(Material for this task Opens)

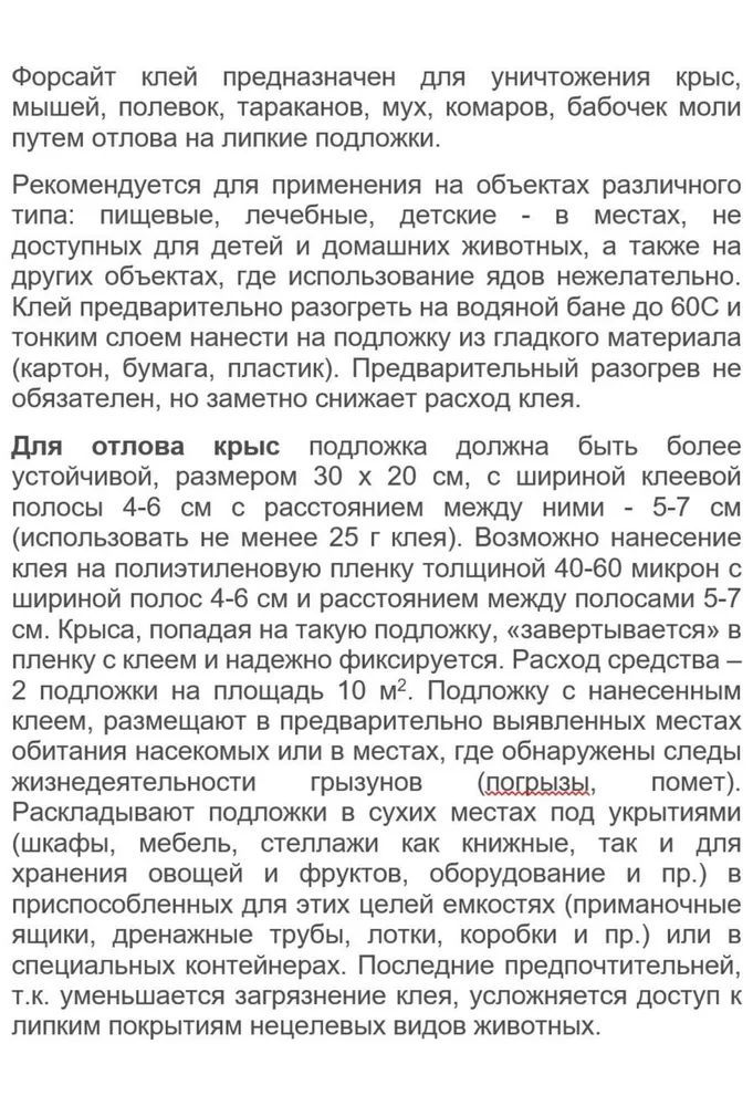Описание: «Форссайт клей» предназначено для уничтожения тараканов, мух, комаров, бабочек моли, крыс, мышей и полевок путем отлова на липкие подложки персоналом организаций, имеющих право заниматься дезинфекционной деятельностью, а также населением в быту.
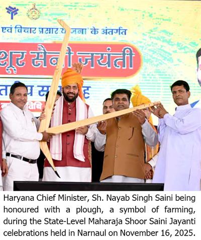 The Chief Minister was addressing the state-level Maharaja Shoor Saini Jayanti ceremony in Narnaul as the Chief Guest. Prior to this, he inaugurated and laid the foundation stones of 19 development projects worth Rs 84 crore.
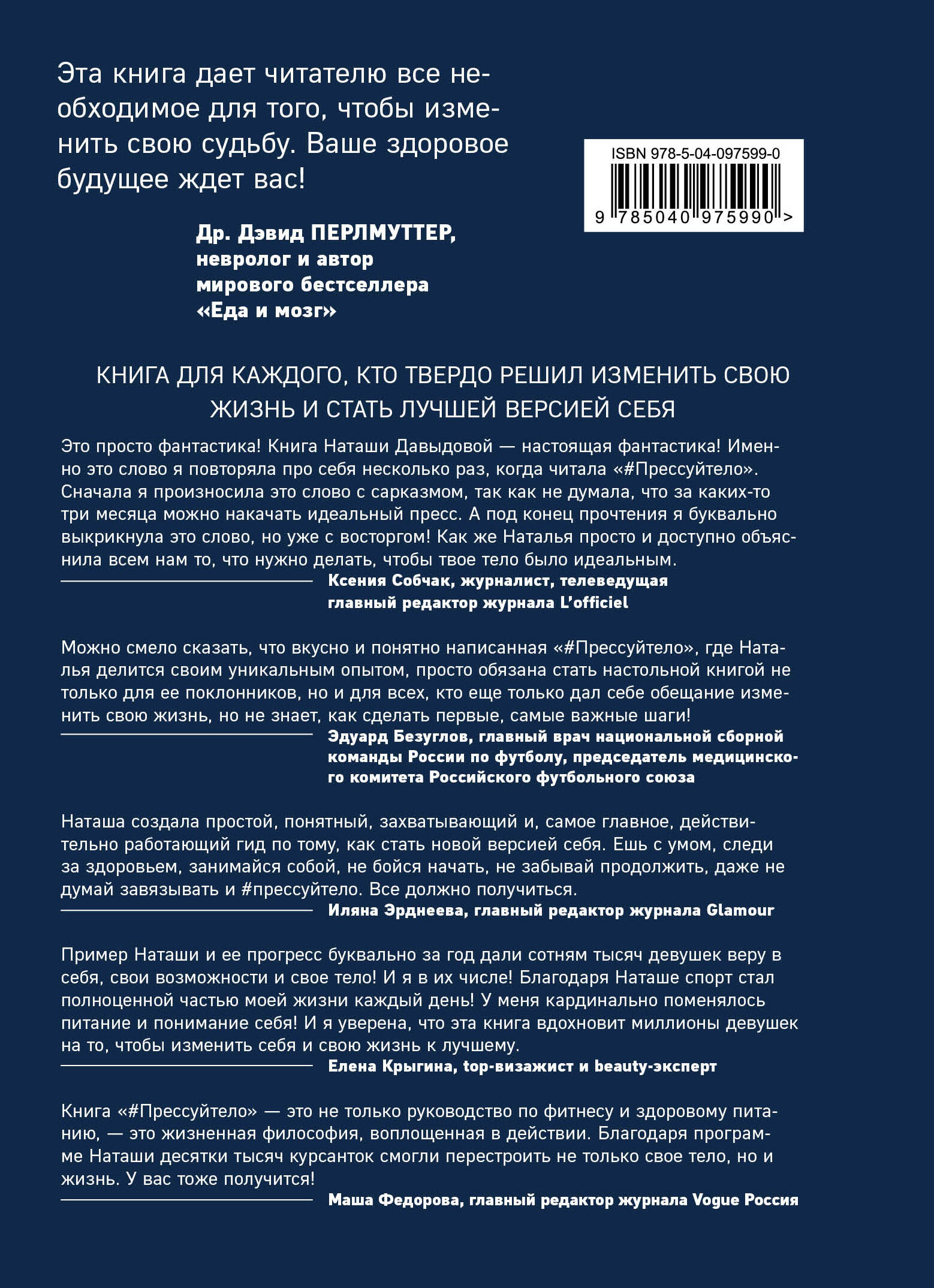 Эта книга дает читателю все необходимое для того, чтобы изменить свою судьбу. Ваше здоровое будущее ждет вас! Др. Дэвид ПЕРЛМУТТЕР, невролог и автор мирового бестселлера "Еда и мозг" Это просто фантастика! Книга Наташи Давыдовой - настоящая фантастика! Именно это слово я повторяла про себя несколько раз, когда читала #Прессуйтело. Сначала я произносила это слово с сарказмом, так как не думала, что за каких-то три месяца можно накачать идеальный пресс. А под конец прочтения я буквально выкрикнула это слово, но уже с восторгом! Как же Наталья просто и доступно объяснила всем нам то, что нужно делать, чтобы твое тело было идеальным. Ксения Собчак, журналист, телеведущая, главный редактор журнала L'officiel Можно смело сказать, что вкусно и понятно написанная #Прессуйтело, где Наталья делится своим уникальным опытом, просто обязана стать настольной книгой не только для ее поклонников, но и для всех, кто еще только дал себе обещание изменить свою жизнь, но не знает, как сделать первые, самые важные, шаги! Эдуард Безуглов, главный врач национальной сборной команды России по футболу, председатель медицинского комитета Российского футбольного союза Наташа создала простой, понятный, захватывающий и, самое главное, действительно работающий гид по тому, как стать новой версией себя. Ешь с умом, следи за здоровьем, занимайся собой, не бойся начать, не забывай продолжить, даже не думай завязывать и #прессуйтело. Все должно получиться. Иляна Эрднеева, главный редактор Glamour Пример Наташи и ее прогресс буквально за год дал сотням тысяч девушек веру в себя, свои возможности и свое тело! И я в их числе! Благодаря Наташе спорт стал полноценной частью моей жизни каждый день! У меня кардинально поменялось питание и понимание себя! И я уверена, что эта книга вдохновит миллионы девушек на то, чтобы изменить себя и свою жизнь к лучшему. Елена Крыгина, top-визажист и beauty-эксперт КНИГА ДЛЯ КАЖДОГО, КТО ТВЕРДО РЕШИЛ ИЗМЕНИТЬ СВОЮ ЖИЗНЬ И СТАТЬ ЛУЧШЕЙ ВЕРСИЕЙ СЕБЯ Книга #Прессуйтело - это не только руководство по фитнесу и здоровому питанию - это жизненная философия, воплощенная в действии. Благодаря программе Наташи десятки тысяч курсанток смогли перестроить не только свое тело, но и жизнь. У вас тоже получится! Маша Федорова, главный редактор журнала Vogue Россия
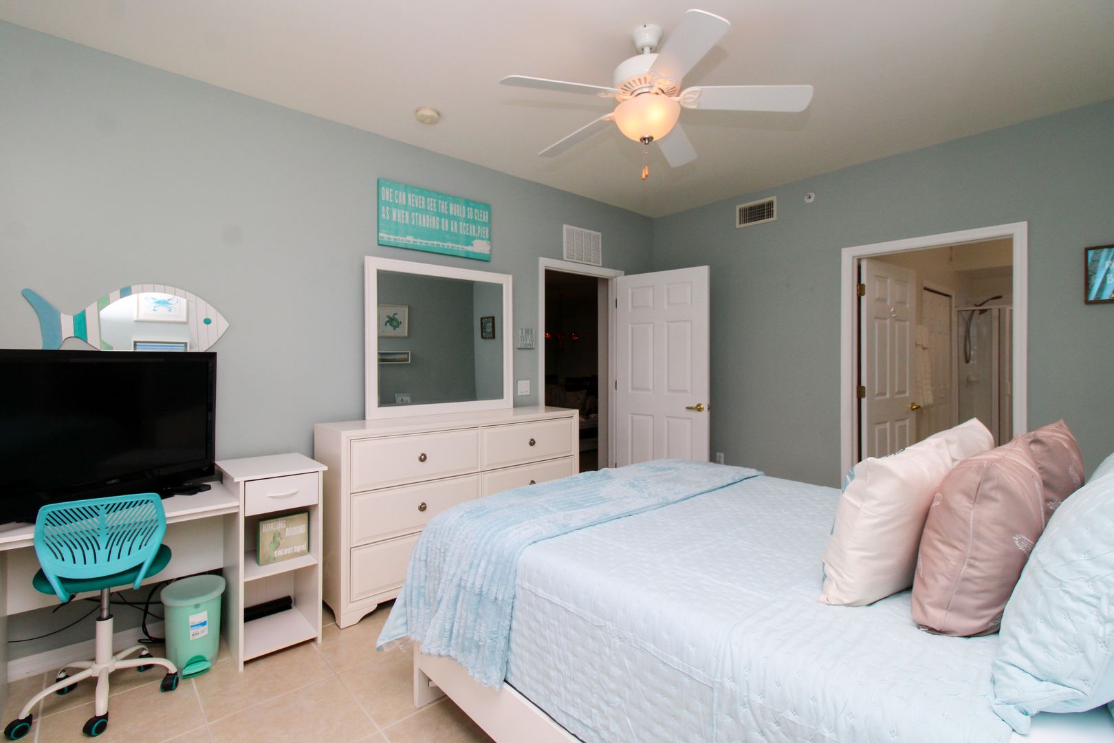Primary Bedroom: Queen Bed + 50" Smart TV
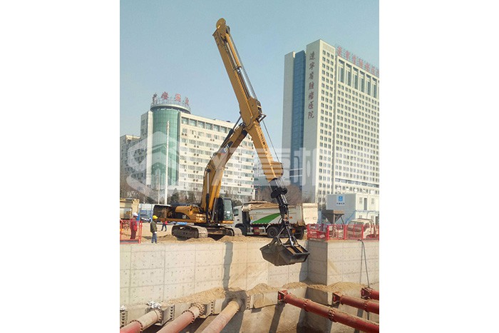 超長四節臂:總長度可達48米,臂內可再伸出3節,施工深度42.5米,配帶貝殼斗1.8立方或挖掘斗1.0立方。
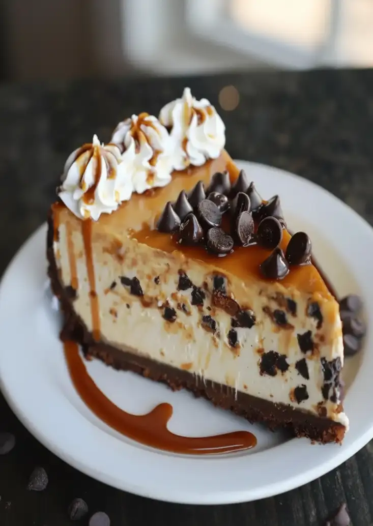 Dieser Käsekuchen mit gesalzenem Karamell und Schokoladenstückchen ist ein absoluter Traum für alle Naschkatzen! Die Kombination aus cremigem Käsekuchen, süß-salzigem Karamell und knusprigen Schokostückchen sorgt für ein unvergessliches Geschmackserlebnis. Der knusprige Keksboden, die saftige Frischkäse-Schicht und das selbstgemachte Karamell machen diesen Kuchen zum Star jeder Kaffeetafel. Perfekt für besondere Anlässe oder einfach, um sich selbst zu verwöhnen.
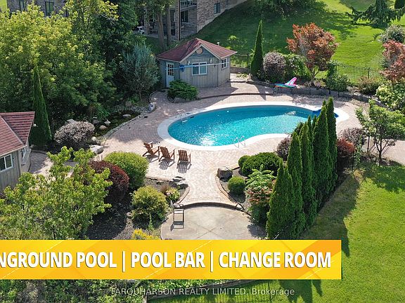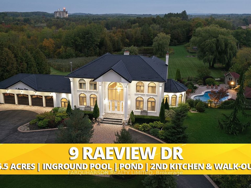 Custom-Built Executive Estate showcasing 5 Bedrooms, 5 Washrooms, and approximately 8,000 sq. ft. of elegant living space. Brand New Metal Roof (2025). Nestled on 6.5 acres with a picturesque pond, mature forest, and scenic nature trails. Features a family-sized gourmet kitchen with upgrades throughout. Striking Great Room with soaring double-height ceilings and 10 ft ceilings across the main level. Professionally finished walk-out lower level with a large bar, theatre room, sunroom, and a full second kitchen ideal for extended family, in-laws, or a nanny suite. Resort-style freeform swimming pool with two cabanas, surrounded by professionally landscaped grounds, patios, walkways, and a firepit. Approx. 1/4-acre pond, long circular driveway, and an oversized 4-car garage. Prime location just 3 minutes to Main Street and 2 minutes to Old Elm GO Station.
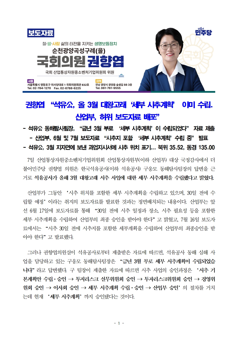 [국회의원 권향엽] 석유公, 올 3월 대왕고래 '세부 시추계획' 이미 수립. 산업부, 허위 보도자료 배포
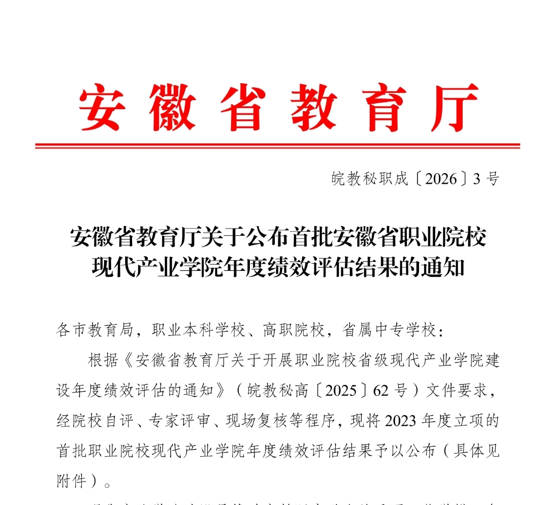 近日,安徽省教育厅发布《安徽省教育厅关于公布首批安徽省职业院校现代产业学院年度绩效评估结果的通知》(皖教秘职成〔2026〕3 号),根据《安徽省教育厅关于开展职业院校省级现代产业学院建设年度绩效评估的通知》(皖教秘高〔2025〕62 号)文件要求,经院校自评、专家评审、现场复核等严格程序,学校奇瑞汽车现代产业学院在2023年度立项的首批职业院校现代产业学院年度绩效评估中获“优秀”等级。
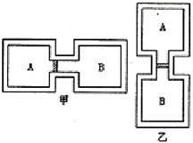 如图甲所示,导热性能良好的容器置于恒温环境中,一可无摩擦自由移动的活塞将容器隔成两密闭空间A和B,两空间充满同种气体(不考虑气体分子间除碰撞外的其他作用力),稳定后VA<VB;现缓慢将容器翻转至如图乙所示,稳定后两边气体体积相同,则此时
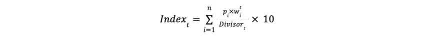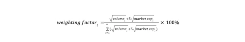 เหรียญทุกเหรียญมีน้ำหนักในกระดานเทรด ซึ่งเขียนแทนด้วย w ในขณะที่ตัวหารคือค่ามาตรฐานเรียลไทม์คูณด้วยมูลค่าของราคาและน้ำหนักขององค์ประกอบเฉพาะ
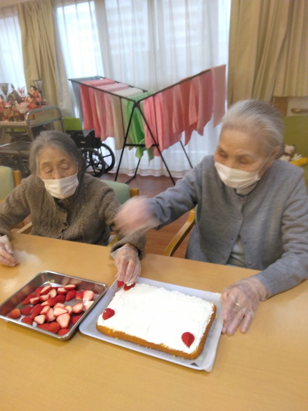 ひなまつりパーティーの前に、いちごショートケーキのデコレーションを行いました(о´∀`о)
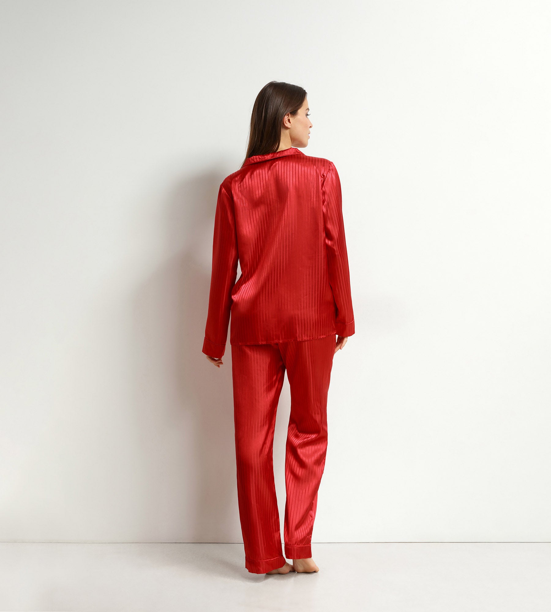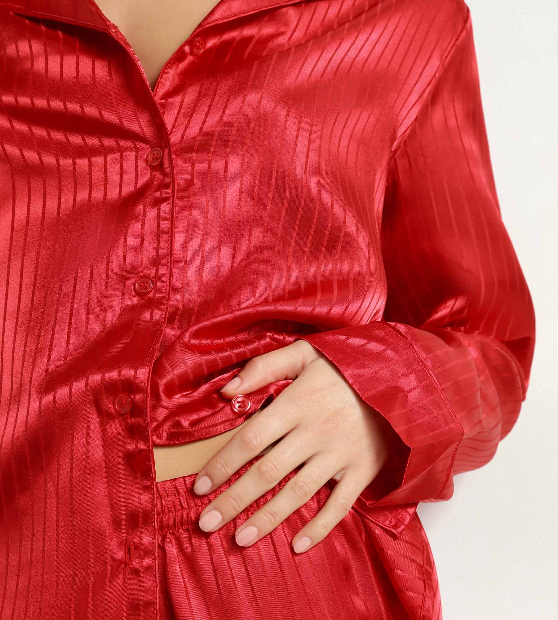 Glamour und Komfort vereint im Pyjama-Set Dim Don’t Disturb für Damen aus Satin in Rot Valentin mit glänzendem Streifeneffekt, perfekt für stilvolle Nächte!

(Material for this task Closes)

From the line containing "Primary Bedroom: Queen" through the line containing "Dieser Käsekuchen mit", copy every line above exactly, without pictures.

Output for this task
Primary Bedroom: Queen Bed + 50" Smart TV
 超長四節臂:總長度可達48米,臂內可再伸出3節,施工深度42.5米,配帶貝殼斗1.8立方或挖掘斗1.0立方。
 Dieser Käsekuchen mit gesalzenem Karamell und Schokoladenstückchen ist ein absoluter Traum für alle Naschkatzen! Die Kombination aus cremigem Käsekuchen, süß-salzigem Karamell und knusprigen Schokostückchen sorgt für ein unvergessliches Geschmackserlebnis. Der knusprige Keksboden, die saftige Frischkäse-Schicht und das selbstgemachte Karamell machen diesen Kuchen zum Star jeder Kaffeetafel. Perfekt für besondere Anlässe oder einfach, um sich selbst zu verwöhnen.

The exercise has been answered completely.